Si prese il 1889 come data simbolica dell’inizio dell’immigrazione di massa degli ebrei in Argentina e si poté verificare che l’integrazione argentina e l’affermazione dell’identità ebraica rappresentavano due strade parallele attraverso le quali questa comunità riuscì a svilupparsi.

Chaim Bloch, attraverso una serie di aneddoti, sosteneva che esistevano quattro tipologie di ebrei. La prima era rappresentata da coloro che si recavano tutti i giorni in sinagoga. La seconda da coloro che la frequentavano il sabato e per le festività. La terza da coloro che vi si recavano in occasione del giorno del Kippur. La quarta da coloro che erano già deceduti e sepolti nel cimitero ebraico1.

Gli ebrei argentini avevano introdotto una quinta tipologia: quella degli ebrei che non andavano mai al tempio, che non seguivano i precetti religiosi, che erano agnostici, che non facevano circoncidere i propri figli, che accettavano i matrimoni misti ma che promuovevano il mantenimento dell’identità ebraica.

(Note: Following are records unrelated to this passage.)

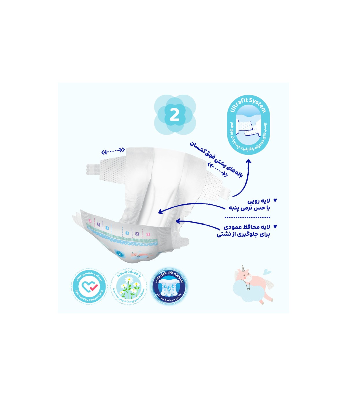 ویژگی پوشک کودک و نوزاد :جلوگیری از نشت مایع، لایه رویی نرم و لطیف، نوارهای کناری کشسان، قدرت جذب بالا، قابلیت عبور هوا
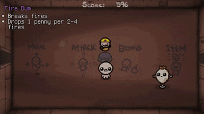 Fire Bum: тушит костры, порождает 1 пенни за 2-4 потушенных костров (костры все еще могут дропнуть регулярные награды, он может сломать синий и фиолетовый костёр).
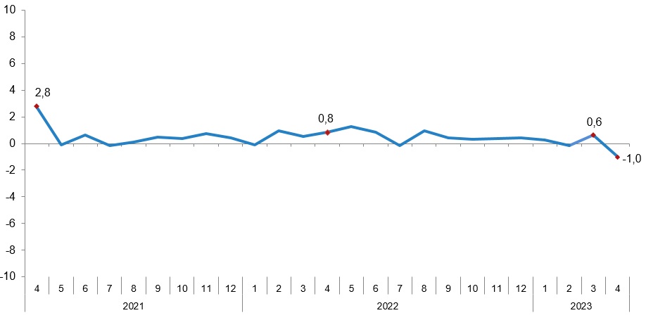 Sanayi, inşaat ve ticaret-hizmet sektörleri toplamında ücretli çalışan sayısı 2023 Nisan ayında bir önceki aya göre %1,0 azaldı.
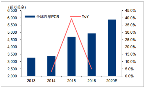2016-2020 年汽車(chē) PCB 行業(yè) CAGR 約為 4.51%
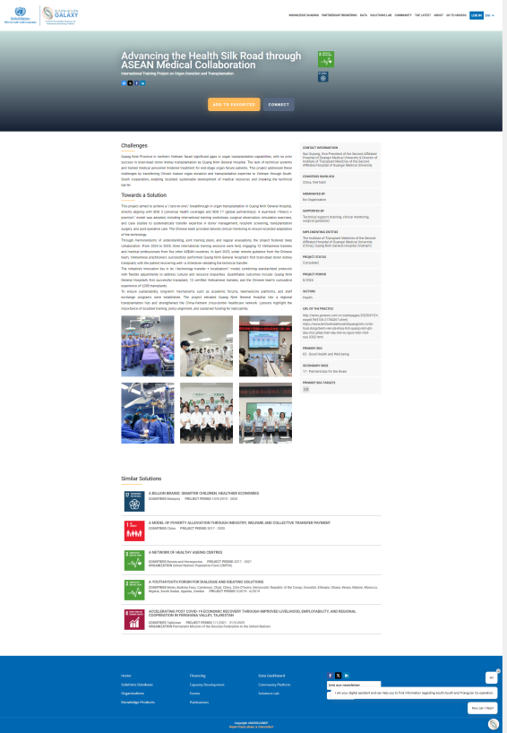 近日,二附院移植医学研究所主导的 “器官捐献与移植国际培训项目”,因在知识共享、技术赋能与跨国健康合作方面的创新模式与扎实成效,成功入选联合国南南合作与三方合作优秀实践案例,并正式上线联合国全球南南合作核心展示平台(Solutions Lab)。这标志着该项目作为医疗领域国际合作与能力建设的典范,获得了国际社会的权威认可。
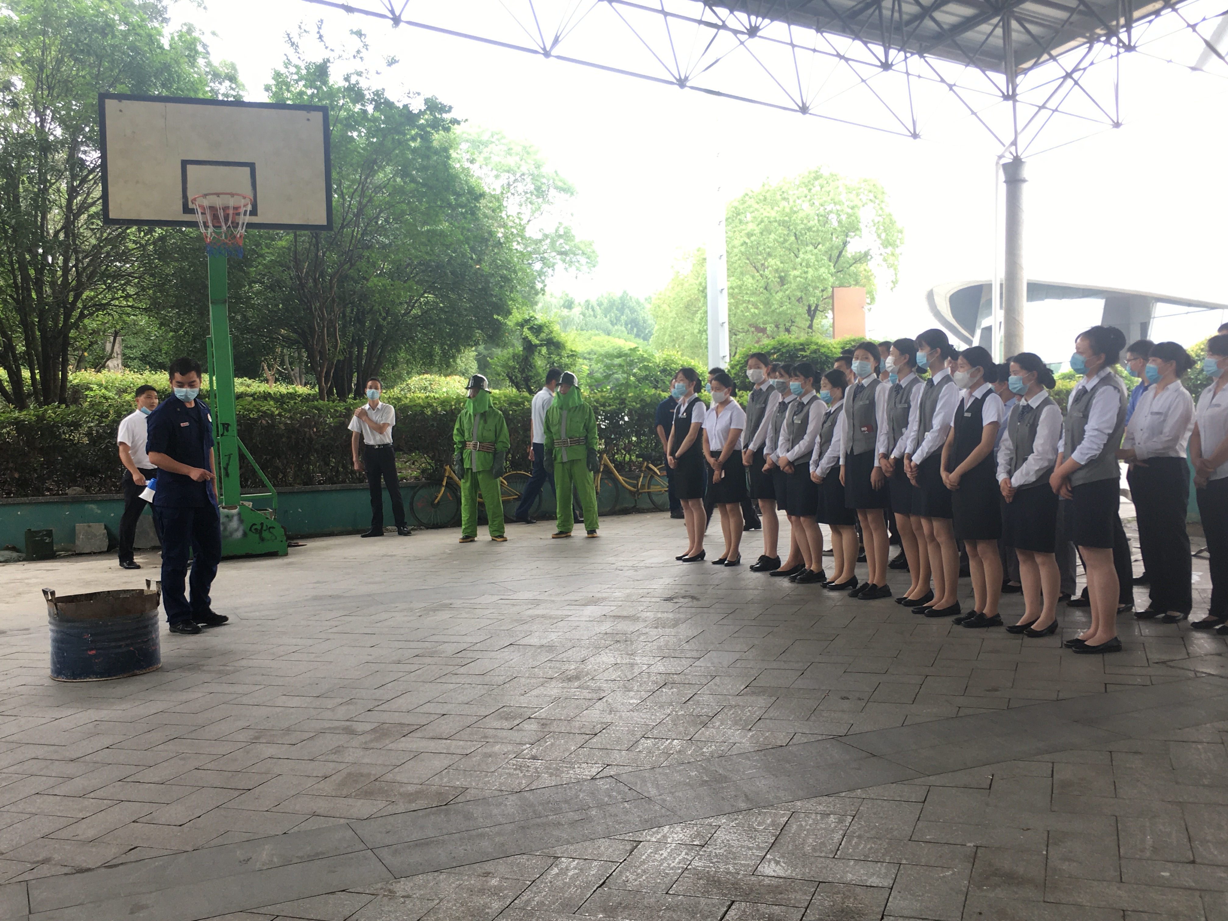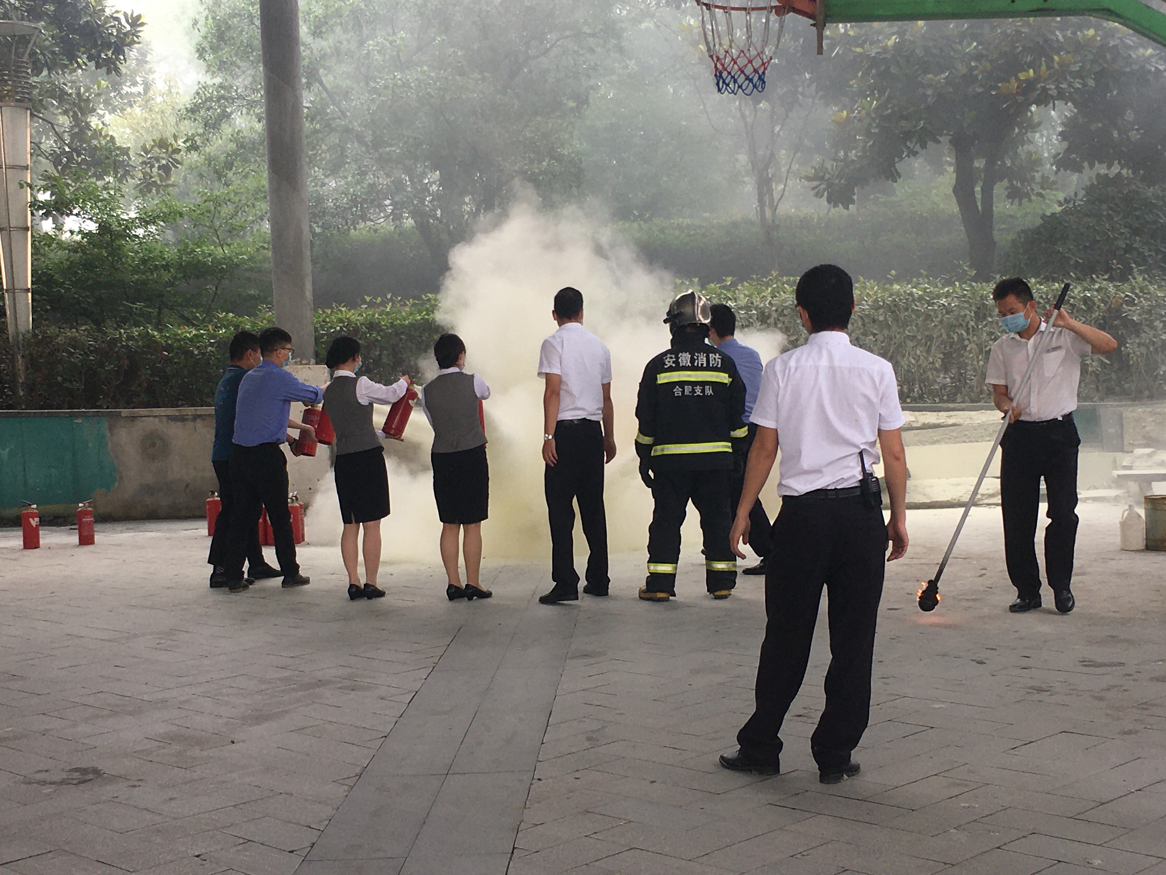 培訓(xùn)后,為提高員工實戰(zhàn)經(jīng)驗和協(xié)同作戰(zhàn)能力,組織所有員工在劇院外圍汽車庫集合,聯(lián)合合肥消防支隊天鵝湖中隊在汽車庫開展消防滅火演練。演練前消防隊員向大家仔細講解了滅火器的使用方法和注意事項,并做現(xiàn)場滅火演示。隨后分組組織員工進行滅火實操演練。
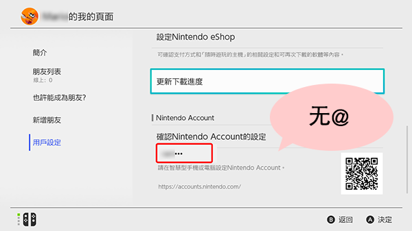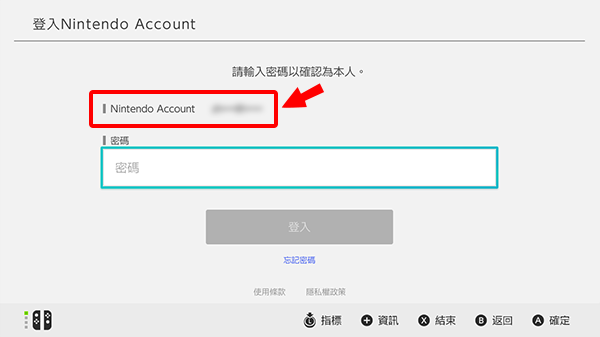 在登入畫面裡會顯示Nintendo Account,即使不打開我的頁面,也能夠在畫面確認。
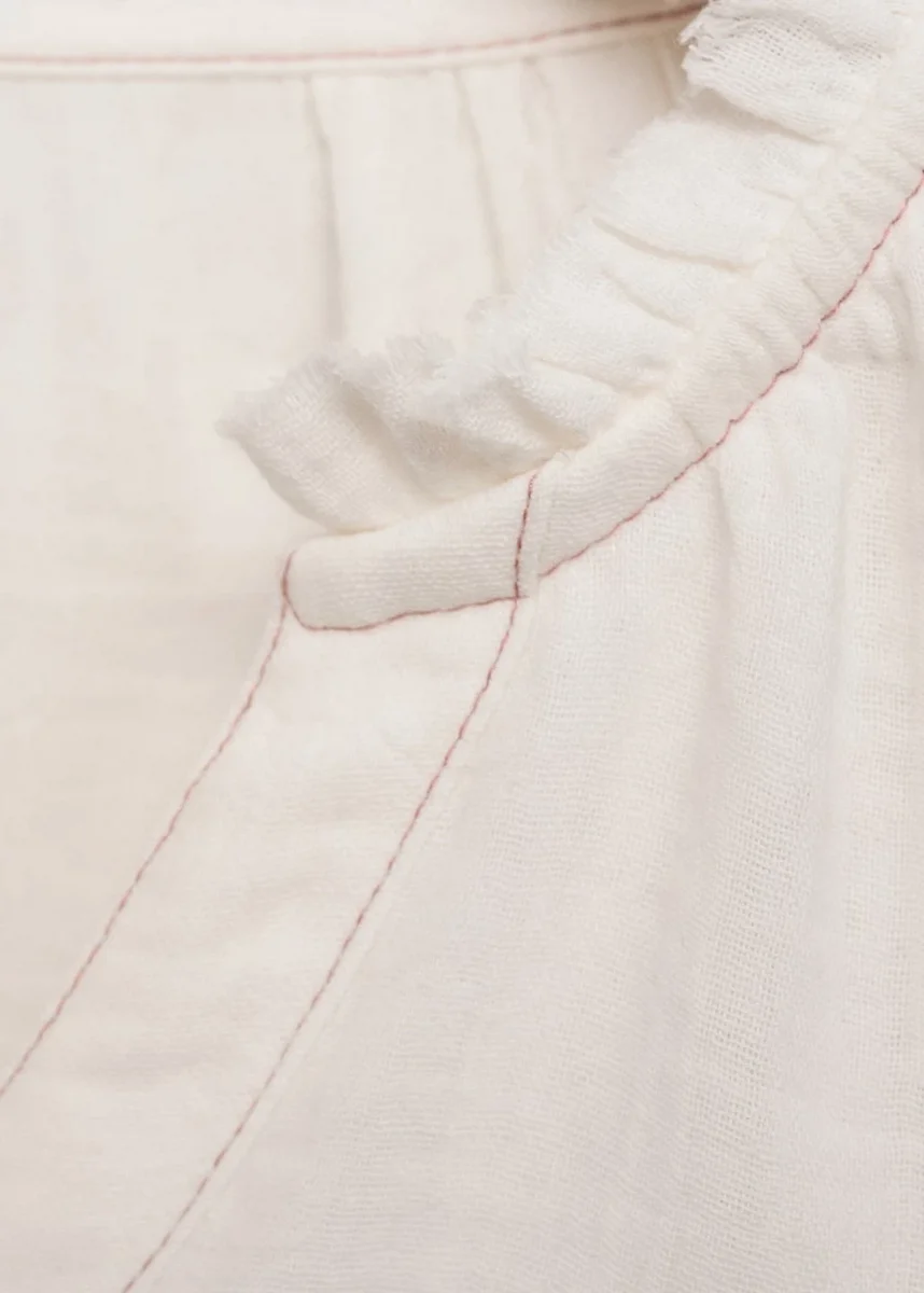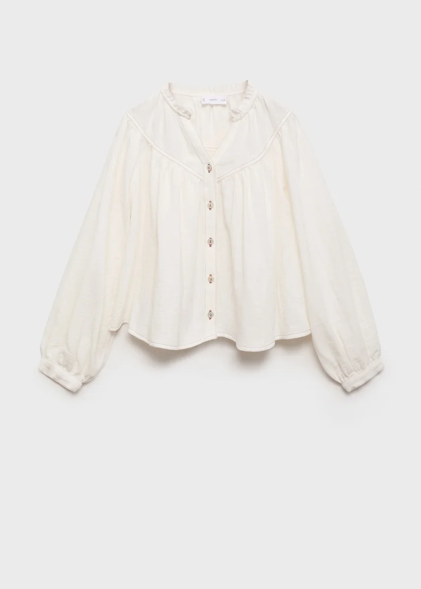 Tessuto 100% cotone. Modello lungo. Modello svasato. Scollo a V. Dettaglio arricciato sul collo. Maniche lunghe. Chiusura con bottoni. Dettaglio arricciato sui polsini.
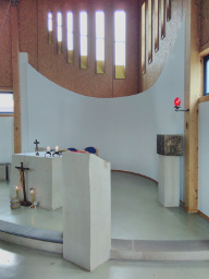 Eigentlich ist die Kirche nicht schön. Sie ist in einer Art von vulgarisiertem Bauhausstil gebaut, Kreuz und Statuen – Maria und Johannes – überm Altar lassen keinen Kunstwert erkennen. Doch die Anordnung ist völlig sinngemäß, und so, verbunden mit den Riten der Messe, entfaltet sich wirkliche Schönheit.
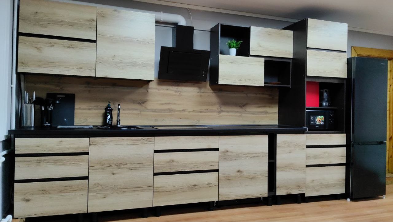 Из недостатков: отсутствует какое-либо питание. Только готовить самому из своих продуктов. Однако кухня продуманная, плита индукционная, холодильник, набор приспособлений для готовки.
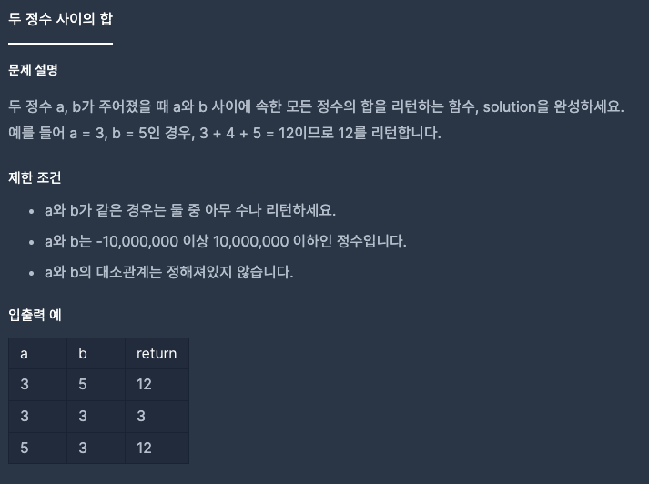 오늘은 두 정수 사이의 합을 풀어보았습니다!!
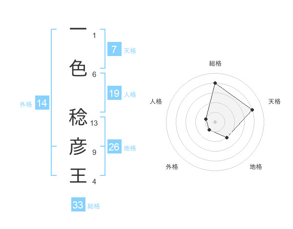 一色 稔彦王さんを姓名の画数から五運を鑑定
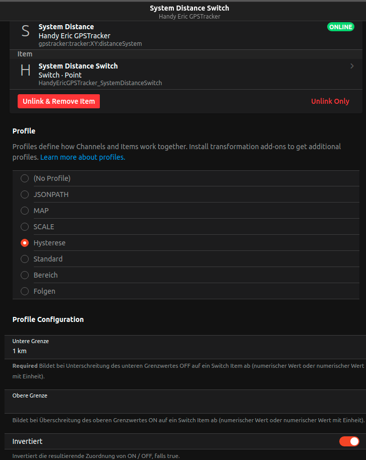 I added the GPSTracker with the GPSLogger app to my system and trying to add a Presence Switch with using the Channel Profiles to the System.
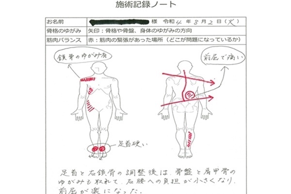 毎回の施術内容や体の反応を記録し、変化を共有しています。「なんとなく良くなった」ではなく、どこがどう変わったのかを一緒に確認しながら進めていきます。
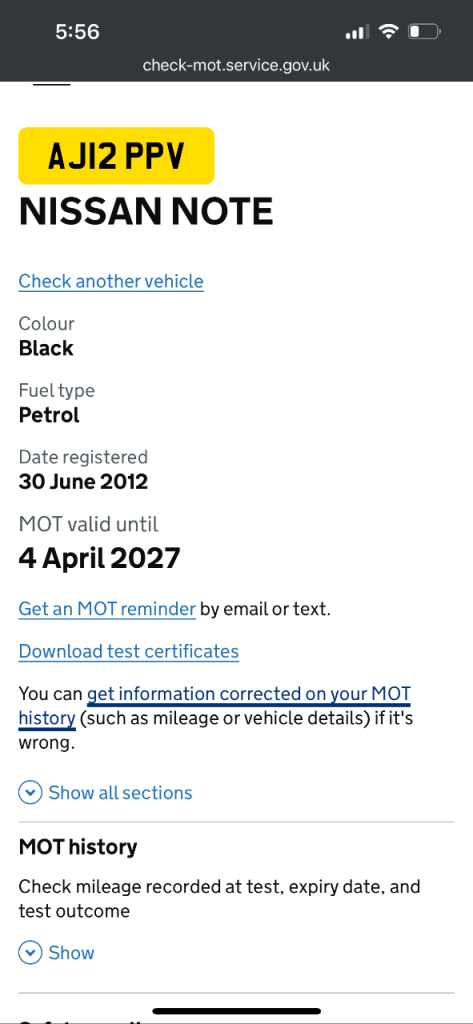 Fresh MOT till 4 April 2027
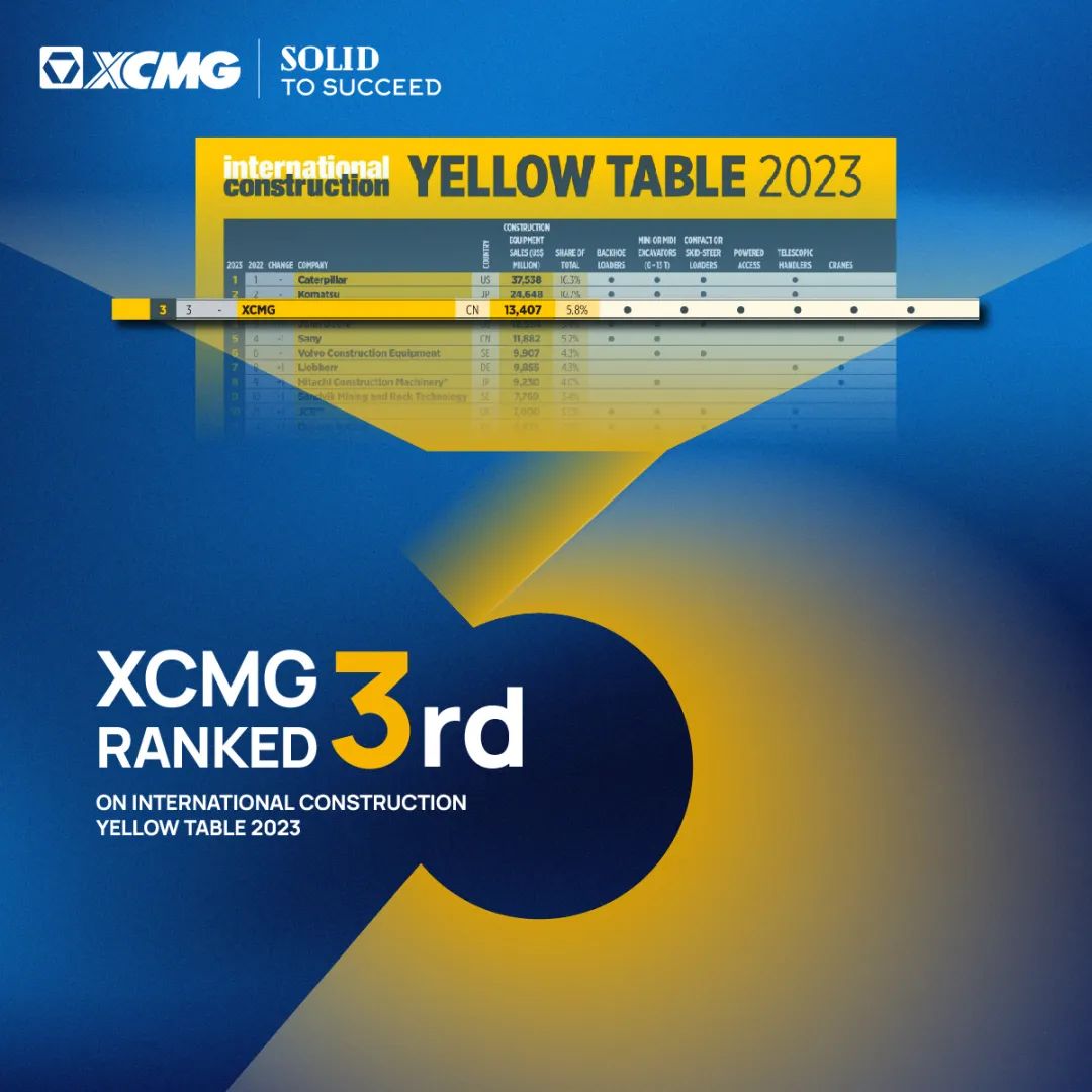 6月1日,全球工程机械行业知名资讯集团KHL旗下《International Construction》杂志权威发布Yellow Table榜单,中国制造商徐工XCMG蝉联第三位。徐工也成为唯一连续三年跻身全球前三甲的中国工程机械制造商。

Durante l’ultimo secolo, gli ebrei argentini utilizzarono due aspetti contemporaneamente per definire la loro identità: uno in relazione con la loro storia, con le generazioni di immigrati e i nativi; il secondo in relazione all’antisemitismo.

L’Argentina aveva sempre avuto un grande tradizione immigratoria. Tra il 1850 e il 1930 soltanto a Buenos Aires arrivarono 6 milioni di immigrati, la metà dei quali si stabilì nel paese. Ironicamente Jorge Luis Borges definì gli argentini come «italianos que hablaban español, educados por los ingleses y que querían ser franceses».

Dentro questa ricerca dell’identità, gli ebrei argentini appartenevano a una minoranza chiaramente identificabile, non solo per il numero esiguo, ma soprattutto per caratteristiche proprie: la religione diversa da quella del gruppo prevalente e la fobia antiebraica persistente e organizzata in importanti strati della popolazione. In questo senso gli ebrei venivano visti inizialmente come «hijos bastardos»2 della società, che li accettava, così come accettava tutte le altre minoranze, ma non in pieno: per la società argentina sono considerati cittadini di seconda classe, marginali.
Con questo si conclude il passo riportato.